Die wahre „Ursache“ für unsere Wahrnehmung der Dinge als „böse“ oder „gut“ ist ausschließlich nur eine Frage unserer eigenen „Gesinnung“, also unseres eigenen Hervortretens als identisch mit der ewigen Lebenskette von „Ursache und Wirkung“. Durch unsere Identität mit dieser Lebenskette können wir ja unmöglich „Wirkungen“ erleben, deren vorausgehende „Ursache“ nicht wir selbst sind. „Wirkungen“ können unmöglich ohne eine vorhergehende „Ursache“ entstehen.

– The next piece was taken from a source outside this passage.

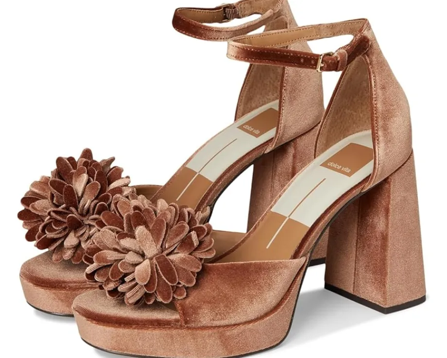 - The Dolce Vita® Perel Heeled sandals, a standout platform sandal that pairs whimsical detailing with evening poise. Draped in luxe velvet and accented by a soft pom-pom ornament, these heels balance statement style with wearable design.

Wenn ein Mensch uns plötzlich auf einem dunklen Weg überfällt und ausplündert, ja uns vielleicht verletzt und verstümmelt, dann sind wir Objekt einer Serie von „Wirkungen“ geworden. Nun wird man vielleicht hervorheben, in einer solchen Situation seien wir doch total unschuldig und daher Opfer eines „Verbrechens“ geworden und hätten das Recht, uns dafür zu „rächen“, indem wir den Urheber des Verbrechens „bestrafen“ lassen. Und dies ist innerhalb des juristischen Gesetzessystems oder Rechtswesens, das jede kultivierte Gesellschaft vorläufig gezwungen ist zu fördern, auch vollkommen richtig.

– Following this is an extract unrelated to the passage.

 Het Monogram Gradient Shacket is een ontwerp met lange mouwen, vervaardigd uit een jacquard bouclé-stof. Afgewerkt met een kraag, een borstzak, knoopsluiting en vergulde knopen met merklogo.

Innerhalb des Wahrnehmungsbereiches oder des Überblicks über das Mysterium des Lebens, den man dort zur Verfügung hat, können die Dinge nicht anders beurteilt werden. Aber gleichzeitig ist es auch eine Tatsache, dass der Bereich, von dem aus die genannte Beurteilung festgestellt wird, doch nur einen außerordentlich kleinen lokalen Bereich in dem ungeheuren Spiel der Kräfte darstellt, der die Ganzheit ausmacht, was in diesem Fall die „ewige Kette von Ursache und Wirkung“ des Räubers ist. Diese Kette ist ja durch ihre „ewige“ Existenz identisch mit der „Unendlichkeit“. Wenn wir aber diese Ganzheit nicht sehen können, sondern vielmehr nur einen mikroskopisch kleinen Teil dessen, wie können wir dann sicher sein, dass unser Urteil über das Verhalten des Räubers absolut „gerecht“ ist?
Zum ersten Mal im dänischen Kosmos Nr. 3 - 4, 1978 mit dem Titel: "Den hemmelige magt bag våbnene" erschienen.